What is compensation in flow cytometry?

Fluorophores emit light over a broad spectrum, so a dye meant for one detector also produces signal in others. Compensation subtracts that spillover so each channel reports only its true fluorophore. Getting it right is essential before any multi-colour panel can be interpreted.

How is spillover calculated?

From a single-stain control, spillover into another detector is the net positive signal seen in that detector divided by the net positive signal in the dye's own detector, as a percent. Net means the positive median minus the unstained negative median, which removes autofluorescence and background.

Why use the median and not the mean?

Fluorescence distributions are skewed and span several logs, so the arithmetic mean is pulled by bright outliers. The median fluorescence intensity, or MFI, is robust to that skew and is the standard statistic for compensation and for reporting populations.

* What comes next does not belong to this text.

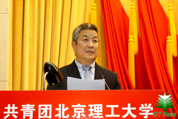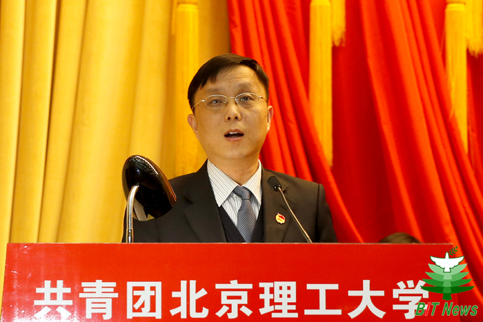 李驥代表共青團中央講話。他表示,北京理工大學是中國共產黨創辦的第一所理工科大學,七十多年來,北京理工大學各級團組織緊緊圍繞學校中心工作和青年發展需要,充分發揮自身優勢,切實履行基本職能,取得顯著的成績。他對北理工共青團務實扎實的工作作風、極具特色的品牌活動、涵蓋全面的工作理念、大膽創新的工作形式、蓬勃向上的青年精神狀態表示了充分肯定。他指出,新形勢新挑戰下,共青團承擔著團結青年一代的神圣使命和重大責任。他表示,希望共青團組織抓住機遇、砥礪前行,將學習宣傳貫徹黨的十九大精神作為當前和今后一個時期的首要政治任務,發揮好共青團在“大思政”格局中生力軍的作用,同時要著力推動團學改革攻堅,抓緊抓實從嚴治團,培養廣大團員青年成為新時代合格的社會主義接班人。
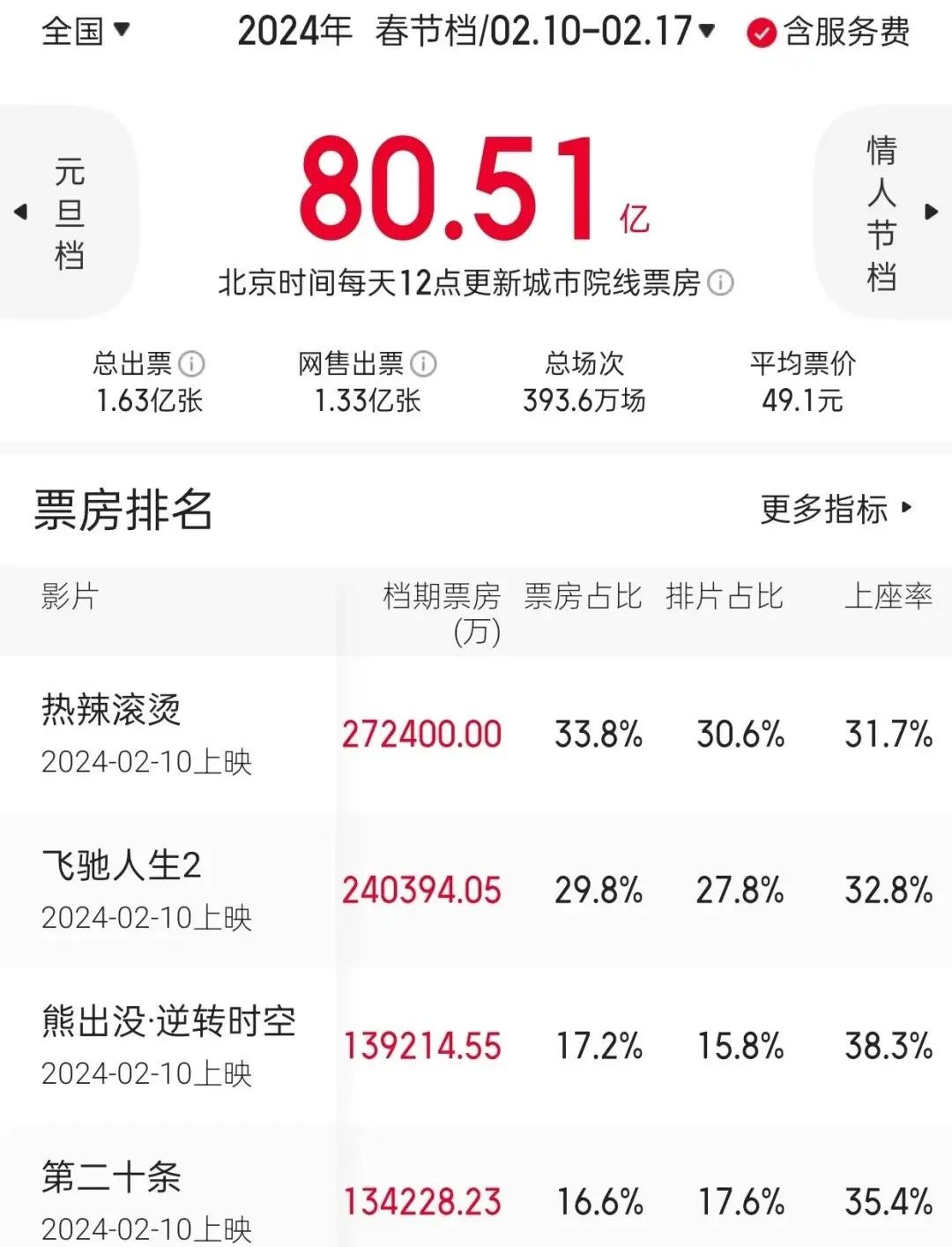 據(jù)貓眼專(zhuān)業(yè)版數(shù)據(jù)顯示,2024年春節(jié)檔全國(guó)電影總票房突破80.51億元、總?cè)舜纬^(guò)1.63億人,檔期票房、觀影人次雙雙刷新紀(jì)錄。

What spillover value is too high?

Low single-digit spillover is trivial to compensate. Values into the tens of percent are common between adjacent dyes like FITC and PE and still work. Spillover much above 50 percent means heavy spectral overlap and large spreading error, so a different dye pairing is usually the better fix.

Do I subtract the unstained control?

Yes, always. Autofluorescence and instrument background add a baseline to every detector. The calculator subtracts the negative-population MFI you enter for each detector, so the spillover reflects only the dye-specific signal and not the cells' own glow.

Flow Cytometry Compensation Matrix Calculator

Before a multi-colour flow panel can be read, the spillover between detectors has to be measured and removed. This tool computes the spillover percentages for a two-fluorophore pair from single-stain control medians, the first step in building a compensation matrix.

How it works

Run one single-stain control per dye and record the median fluorescence (MFI) of the positive and negative populations in each detector. The spillover of fluorophore i into detector j is its net leak signal divided by its own net signal:

spillover%(i -> j) = 100 x (MFI_pos_j - MFI_neg_j) / (MFI_pos_i - MFI_neg_i)

Subtracting the negative population removes autofluorescence and instrument background in every detector. The diagonal, a dye into its own detector, is 100 percent by definition. The off-diagonal values form the spillover matrix the cytometer software inverts to compensate your data.

Tips and example

Suppose fluorophore A reads a net 19,800 MFI in its own detector and a net 2,250 in B’s detector. Its spillover into B is 100 x 2250 / 19800, about 11 percent. Keep controls as bright or brighter than the experimental samples, use the same voltages throughout, and prefer compensation beads when cells are rare or dim. If two dyes show very high mutual spillover, expect spreading error in those channels and consider re-designing the panel rather than relying on heavy compensation.